As this contains many time windows, setting the names of the ObservationSeries objects to index the time window is a sensible identifier, for example,

get_names(yz_observation_series)
> ["window_1", "window_2", ..., "window_100"]

The individual Observations should refer only to the state being measured, so suitable identifiers might be, for example,

obs = get_observations(yz_observation_series)[1] # get first observation in the series
get_names(obs)
> ["y_window_average", "z_window_average"]

Building the noise covariances

For most low-dimensional problems (e.g. dim < 5000), the user can simply provide a UniformScaling, or an AbstractMatrix as they are most familiar, in conjunction with any EKP process.

For high-dimensional problems, the user must first select an output-scalable process. For example, TransformInversion(...) (ETKI) or TransformUnscented(...) (UTKI)

Next the user must select a scalable storage for the noise covariance matrix in observations as the operational cost of storing and updating very large (non-diagonal) AbstractMatrix objects is prohibitive.

Therefore in high-dimensions we recommend the following scalable options:

  • For a diagonal covariance: Diagonal or UniformScaling
  • For a low-rank covariance: SVD
  • For a sum of low-rank and diagonal covariance: SVDplusD

The framework is extensible to new types as they arise (so long as one can define an efficient implementation of left multiplication and inverse of the struct)

Example of building scalable high-dimensional ObservationSeries

The following example demonstrates our utilities tsvd_cov_from_samples to quickly build such forms from available samples.

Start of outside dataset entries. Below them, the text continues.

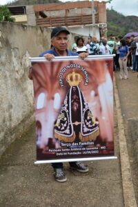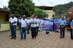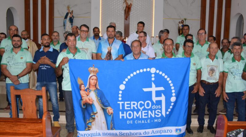 A Paróquia Nossa Senhora do Amparo, de Chalé recebeu neste domingo, 09, participantes de várias cidades, para a comemoração do 12º aniversário do Terço dos Homens. O acolhimento aos visitantes aconteceu na Escola Municipal Manoel Elias de Souza, de onde saíram em caminhada rezando o terço, até a igreja para a Santa Missa, que foi celebrada pelo Padre Malvino Roberto Pires Neto.
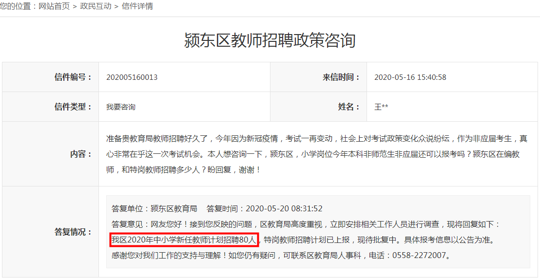 內(nèi)容:準(zhǔn)備貴教育局教師招聘好久了,今年因?yàn)樾鹿谝咔?,考試一再變?dòng),社會(huì)上對(duì)考試政策變化眾說(shuō)紛紜,作為非應(yīng)屆考生,真心非常在乎這一次考試機(jī)會(huì)。本人想咨詢一下,潁東區(qū),小學(xué)崗位今年本科非師范生非應(yīng)屆還可以報(bào)考嗎?潁東區(qū)在編教師,和特崗教師招聘多少人?盼回復(fù),謝謝!答復(fù)情況:
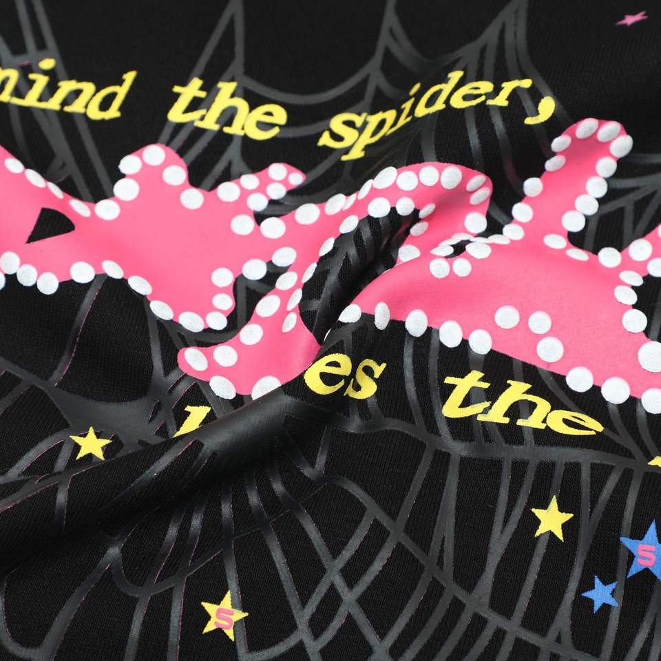 Felpa con Cappuccio Classica in Cotone con Stampa Autunnale Multicolore a Ragnatela Vestibilità Ampia
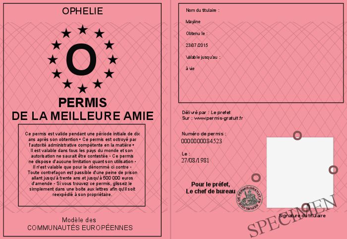 Envoyez par email le Permis de la meilleure amie personalisé par la OPHELIE ! Personnaliser mon permis
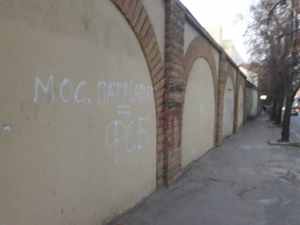 "Сегодня у так называемых "храмов" московского патриархата во Львове на улице Антоновича, на проспекте Красной Калины и улице Короленко появились надписи "московский патриархат - филиал ФСБ". Неизвестные патриоты, наверное, пытались донести до львовян, которые не в курсе, что во Львове действуют три филиала ФСБ РФ под видом христианских церквей", - говорится в сообщении.
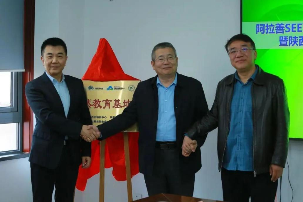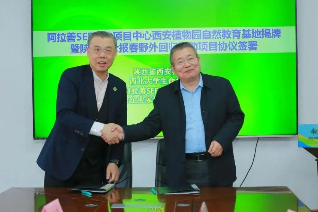 随后,西安市企业家环保基金会理事长王辉和西安植物园主任岳明签署“陕西羽叶报春野外回归项目”资助协议,阿拉善SEE西北项目中心邹斌主席、西安市植物园岳明主任教授、437437必赢国际网址党委副书记魏宁共同为自然教育基地揭牌。
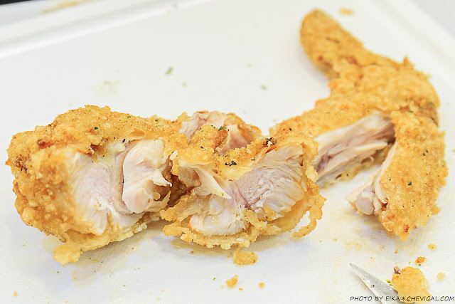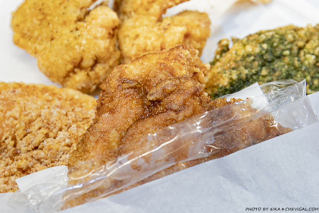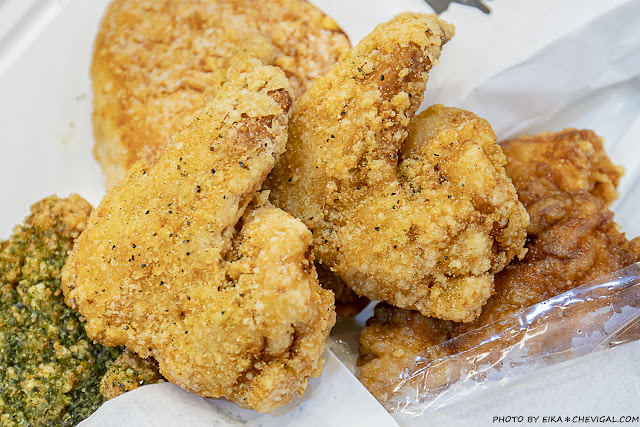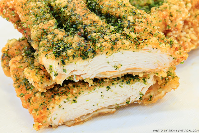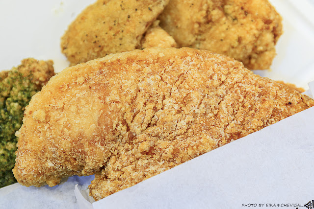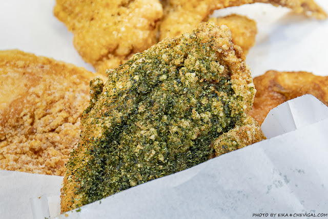金黃的外皮表面還撒有獨家特製的青蔥椒鹽,有著淡淡的鹹香卻又不鹹膩,更能襯托出雞肉本身的鮮甜風味,口感甚至比雞排來得更多汁!

Imagine a problem where the observation dimension is size $10^6$, and we have 30 noisy samples of such data from repeated runs of an experiment. We also believe that there may also be some additional 5% noise from model error when fitting our parameters to data, as our model is also not perfect. Let's build some observations!

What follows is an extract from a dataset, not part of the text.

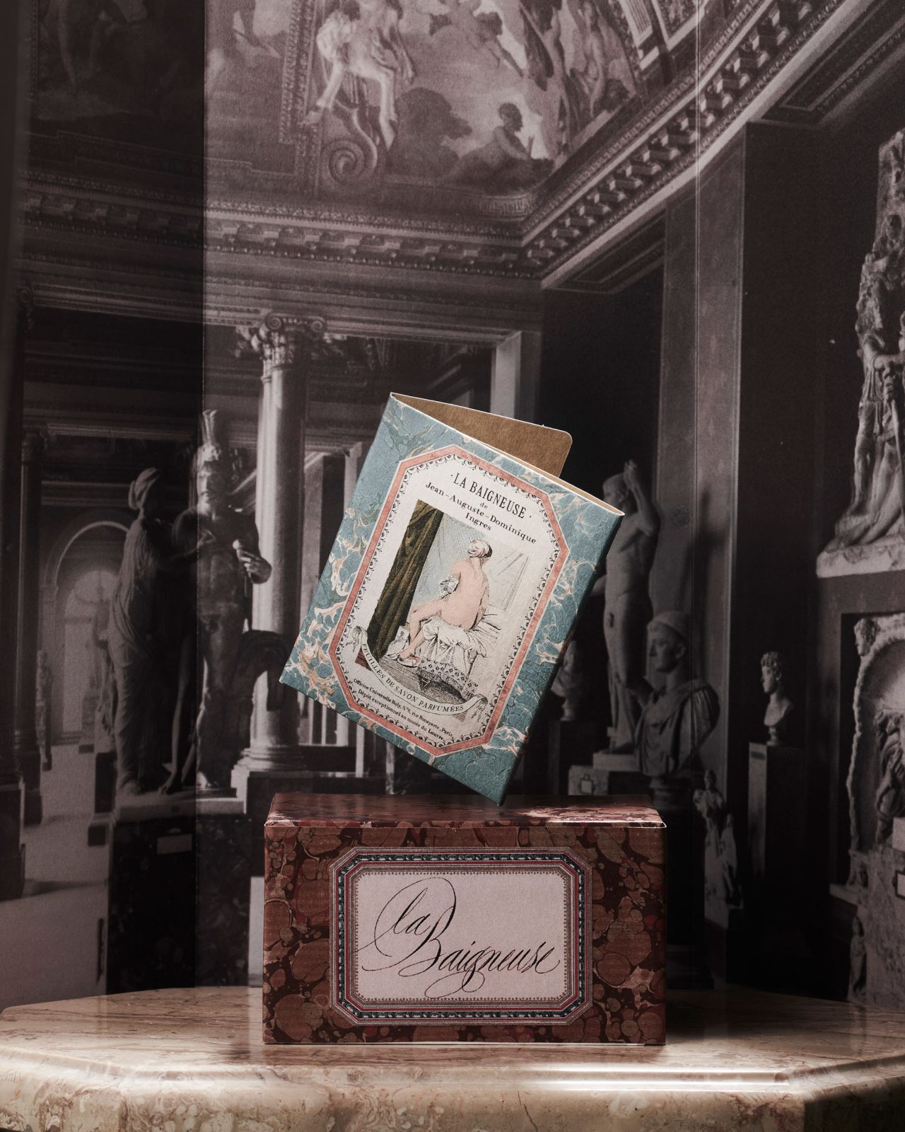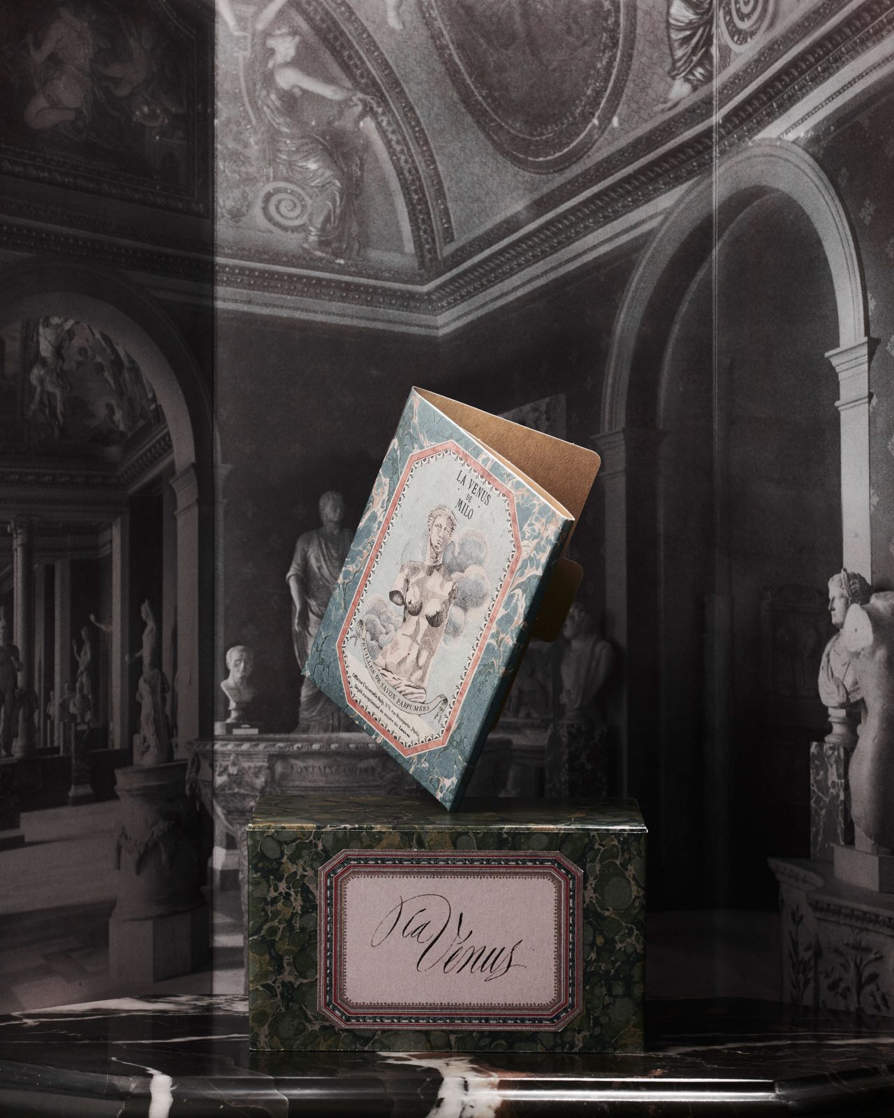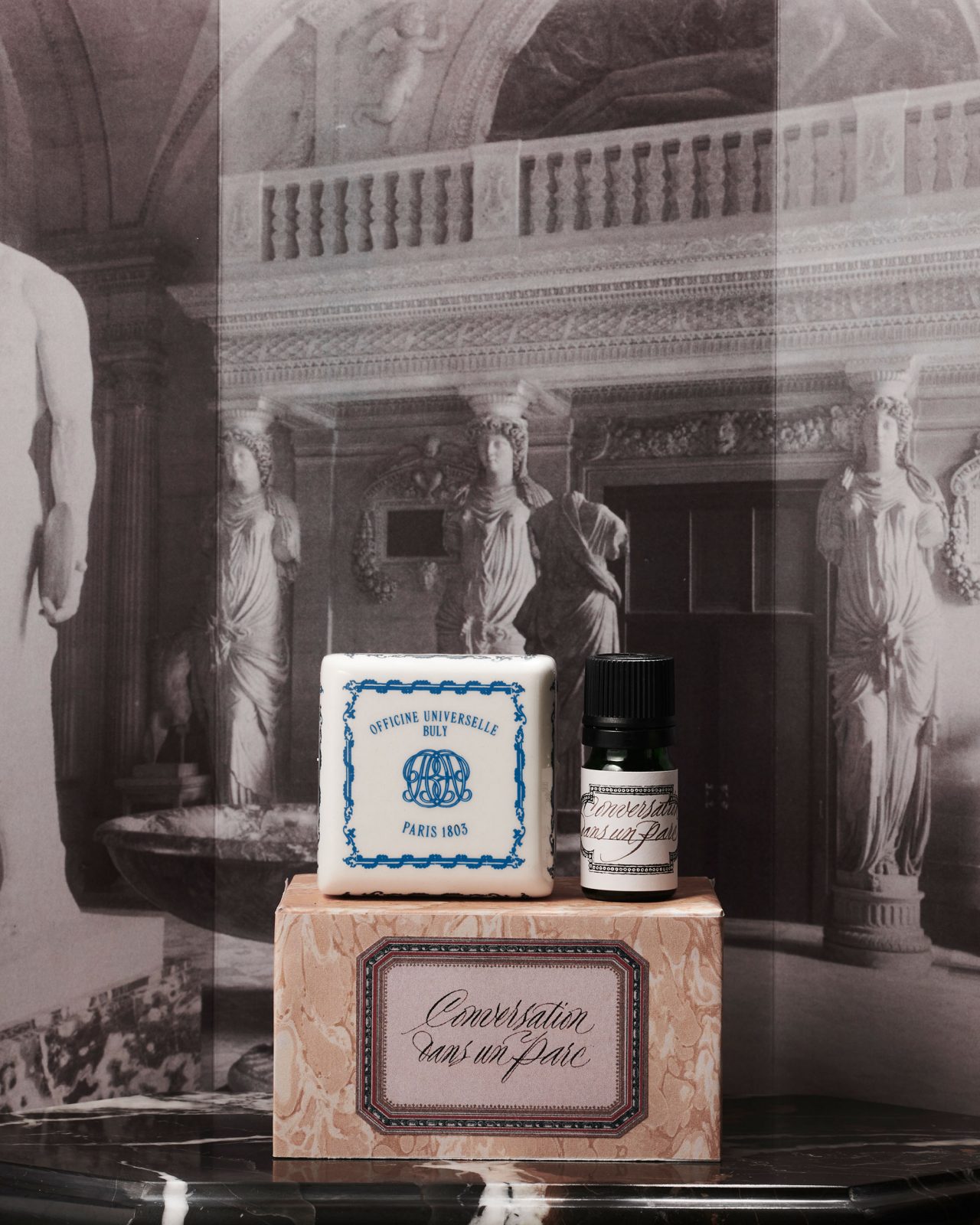 フランス・パリのランドマークであり世界最高峰のルーブル美術館とのこれまでに類をみないコラボレーションとなった本コレクションでは、フランスの著名な調香師たちがルーブル美術館所蔵の代表的な作品にインスパイアされた香りを創作。ルーブル美術館から直々にオファーがあり実現したという本コラボレーションで、OFFICINE UNIVERSELLE BULY が選んだ調香師8人は美術館の休館日である火曜日に所蔵品とゆっくり向き合い、それぞれが”自由”に作品を解釈したという。

using EnsembleKalmanProcesses 
using LinearAlgebra
using Statistics

# "data"
n_trials = 30
output_dim = 1_000_000
Y = randn(output_dim, n_trials);

# the noise estimated from the samples (will have rank n_trials-1)
internal_cov = tsvd_cov_from_samples(Y); # SVD object

# the "5%" model error (diagonal)
model_error_frac = 0.05
data_mean = vec(mean(Y,dims=2));
model_error_cov = Diagonal((model_error_frac*data_mean).^2);

# Combine these
covariance = SVDplusD(internal_cov, model_error_cov);

Y_obs_vec = [];
for k = 1:n_trials
    push!(Y_obs_vec, Observation(
            Dict(
                "samples" => Y[:,k],
                "covariances" => covariance,
                "names" => "experiment_$k",
            ),
        ),  
    )
end 

Let's assume that we then wish to update this with specific batches of size 2, in order. Let's build an ObservationSeries!

b_size = 2;
given_batches = [collect(((i - 1) * b_size + 1):(i * b_size)) for i in 1:n_trials];

minibatcher = FixedMinibatcher(given_batches);
observation_series = ObservationSeries(Y_obs_vec, minibatcher);

This can be passed into a scalable EKI (with some prior)

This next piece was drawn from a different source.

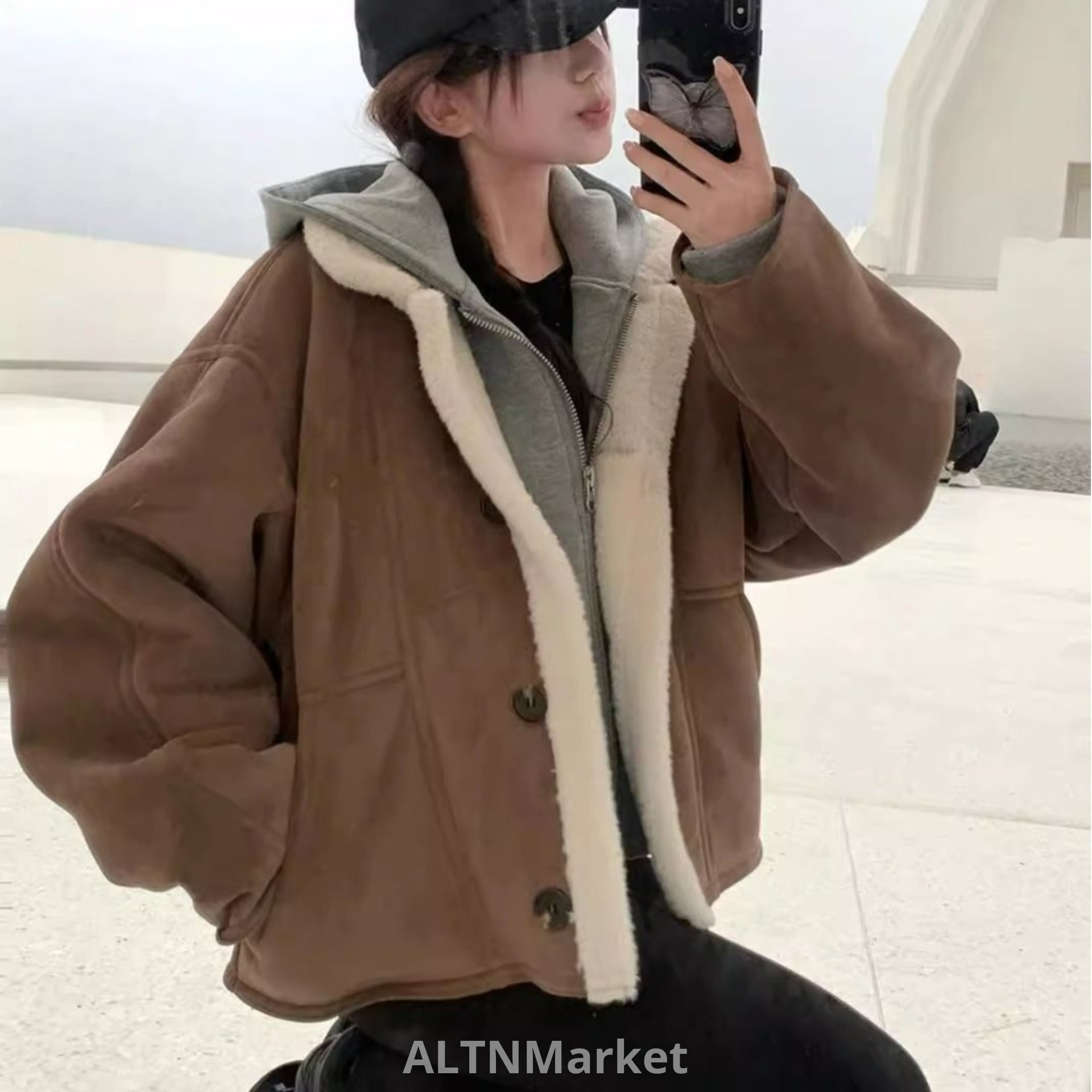 Зима теплый мех один хлопок мягкая куртка пальто для женщин 2025 новый стиль флис с подкладкой и утолщенный поворот вниз воротник баранина флис короткий стиль хлопок одежда

using EnsembleKalmanProcesses.ParameterDistributions
prior = constrained_gaussian("example_params", 3, 2, 0, Inf, repeats=3) ;

utki = EnsembleKalmanProcess(observation_series, TransformUnscented(prior));
Warning

Always extract the current observational noise from ekp with get_obs_noise_cov(ekp, build=false). Using build=true (default) will cause memory issues in this case as it will try to build the compactly-stored matrix.